As far as I know the SE-R Spec V didn't come out unitl 2002. In fact there wasn't even a SE-R in 2001, only the SE.


----------



## compprat (Jun 13, 2006)

Then why does the link say B15 2000 + Chasis...Blah whatever Im probably wrong, maybee its the 2003 bumper.


----------



## ga16freak (Dec 31, 2004)

The B15 did come out in 2000 but the SE-R model didn't until 2002. Lots of people Prefer the 02/30 model and you can switch to that years headlights/bumper.
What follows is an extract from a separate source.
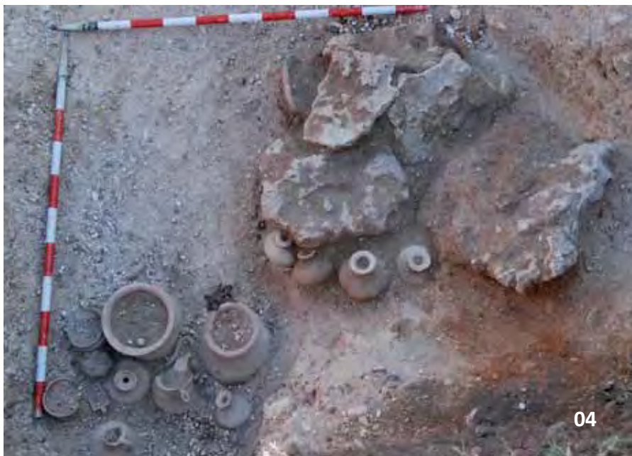
04 Tumba 127a y 127b in situ. Se trata de un conjunto doble sincrónico de una niña de corta edad y una mujer adulta datable hacia el final del siglo II a.C.

There is a guide on thevboard for the conversion.


----------



## saint0421 (Sep 24, 2006)

link should def help--> My SpecV / '04+ -> '02/'03 Front End Conversion


----------



## dreamskyline (Nov 19, 2006)

the first SER's were the B13 chassis(1991-1994) it was the first sentra to use the SR20 engine and they actaully had decent performance.they did not make another SER until 2002 it wa also the first year for the SER Spec V. if you want do to a conversion you will need the headlights,bumper,and the fenders,and unfortunatley the hood wont fit properly unless you get one from a 2000 to 2003 sentra,its like $300 at the dealer for a new hood so you can probly find a aftermarket or junkyard one for cheap,the fenders can come off any B15 sentra from 2000 to 2003,only the Spec V has the black housing so you will have to get those to keep the spec v look other than that it should all bolt up.


----------



## SPEEDO (Jun 9, 2003)

the 02-03 have different headlights, hood, bumper etc than the 04-06's


----------



## saint0421 (Sep 24, 2006)

The link i posted has all the required parts for the conversion to include brackets and misc. But like dreamskyline wrote, only SE-R Spec Vs had black housing. You could also do a SE front end. The only difference would be the 00-03 SE bumper vice the 02-03 SE-R/ SE-R Spec V bumper.


----------